# Pictorial Representation Of The Golden Rule

The golden rule of accumulation is explained in Diagram. As the golden rule associates to the maximisation of per capita consumption we plot productivity or output (Q), saving or Thrift (s), investment (I) and capital stock (K) as ratios to the quantity of labour (L) i.e.

* *

__I__ = s __[Q]__ since
I = K ….Equation (1)

L [L]

Or, * *

__I__ = g __[K]__ ….Equation
(2)

L [L]

Where * over the variables refers golden age enormity. Equation (2) depicts that in a golden age per capita investment or saving should parity the symmetry growth rate times per capita capital stock.

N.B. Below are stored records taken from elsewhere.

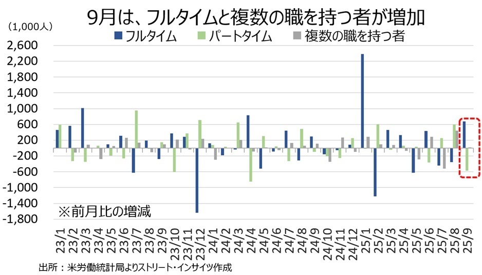 【9月 #米雇用統計⑤】フルタイムと複数の職を持つ者が増加 ・米9月雇用統計の家計調査、雇用形態別でフルタイムが前月比67.3万人増、3カ月ぶり増加 ・複数の職を持つ者は同1.7万人増、2カ月連続増加 ・パートタイムは同57.3万人減、3カ月ぶり減少 👉パートタイムの減少、不完全雇用率の低下と整合的 pic.x.com/WJAusm1JYY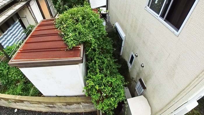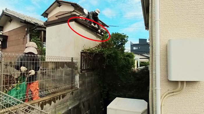 次は物置の上から切断ですが、お隣様の方へ落ちたら6m以上あるので本当に死ぬので気を付けながら!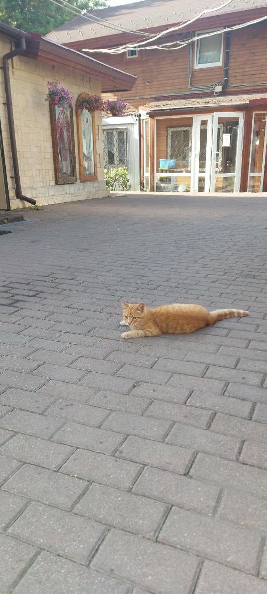 Сегодня ходили с детьми на раннюю службу. Встали в 6 утра и по безлюдному городу, по отличной московской погоде дошли до храма. На территории нас встретил вот такой рыжий кот. Завтра Сергей сдает последний экзамен ЕГЭ. За всех помолились. С праздником всех нас!
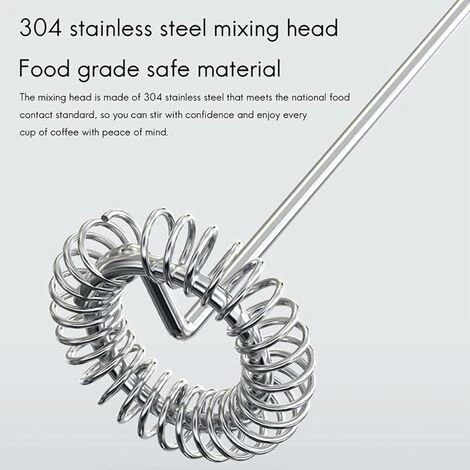 Nuestro espumador de leche está hecho de acero inoxidable de grado alimenticio batidor en espiral tamaño AAA, no se oxida ni se rompe con el tiempo.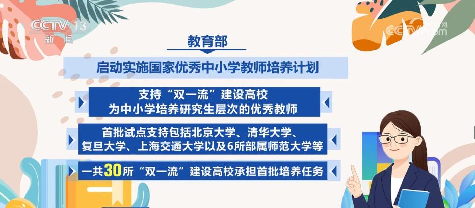 教育部启动实施国家优秀中小学教师培养计划,支持“双一流”建设高校为中小学培养研究生层次的优秀教师,首批试点支持包括北京大学、清华大学、复旦大学、上海交通大学以及6所部属师范大学等,一共30所“双一流”建设高校承担首批培养任务。
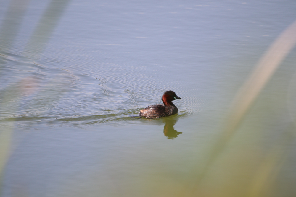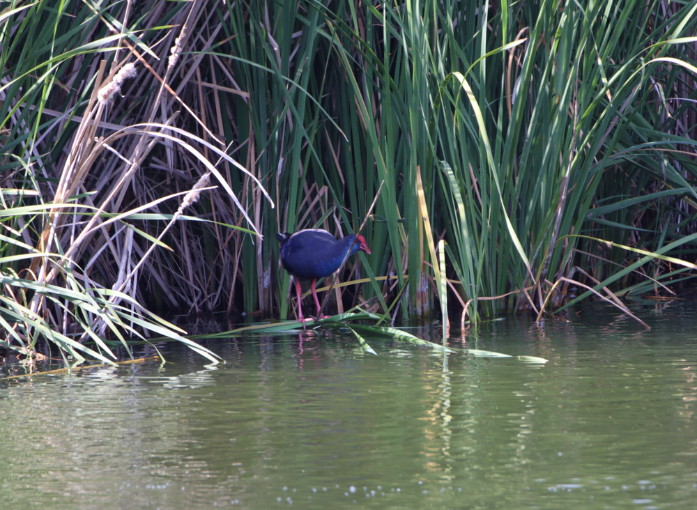 Beim zweiten Hide sehen wir dann doch schon ein paar mehr Vögel. Im Schilf ist großes Treiben: Schwarzkopfweber, Enten und die kleinen Zwergtaucher. Als ich die Etage wechsle, sehe ich sogar noch die Zwergdommel davonfliegen. Auch ein Purpurhuhn watet mit den langen Beinen durch den Schilfrand. Trotz regen Treibens auf dem Golfplatz nebenan zeigen sich dann doch viele Vögel.

Thus, per capita investment is in a straight rational to capital labour ratio. Consequently, per capita investment is straight line from origin.

Now, by substituting and equating Equations (1) and (2), we obtain

* *

__I__ = __s__ or
g = __Q__

*

L g K

*

Equation (3) demonstrates the golden age growth rate which is the slope of the
I/L curve.

Next, the manufacturing function;

1-a

Q = A(t)
(K*, L )

Where A(t) is some invariable , by keeping t = 0 and dividing L on both sides, we obtain the following;

__Q__ = A{__K__}*

L {L}

By switching variables in the above equation in association to the golden age, we obtain
the following;

* *

__Q__ = A{__K__}* ;

L {L}

*

which is drawn in the diagram as the Q/L curve. By inequitable demarcation, we get
the incline of the *

Q/L
curve as follows:

* *

d__(Q/L)__ = a__(Q)__

* *

k(K/L) (K)

* * *

Therefore, a (Q/K) is the incline of the Q/L curve that parities the marginal product
of capital.

*

The incline of the I/L curve is equal to the golden age growth rate, g and the slope
of the

*

Q/L curve parities the marginal product of capital, r is the rate of interest. As per
the golden rule of accumulation, the growth rate should equal the rate of interest,
g = r, in a maximum golden age.

* * *

This is described in the above diagram, where Q/L, S/L and I/L are shown on the vertical
side and

*

K/L on the horizontal axis; the maximum golden age according to the golden rule of
accumulation is at symmetry capital – labour ratio

*

(__K__)*

(L)

* *

where the vertical remoteness amid the curves Q/L and I/L is the largest;

It is AB in the diagram. Therefore, the golden rule of accumulation is fulfilled. When
the vertical deviation among the two curves;

* *

Q/L and I/L are at the optimum.

It is here that the per capita consumption is optimised.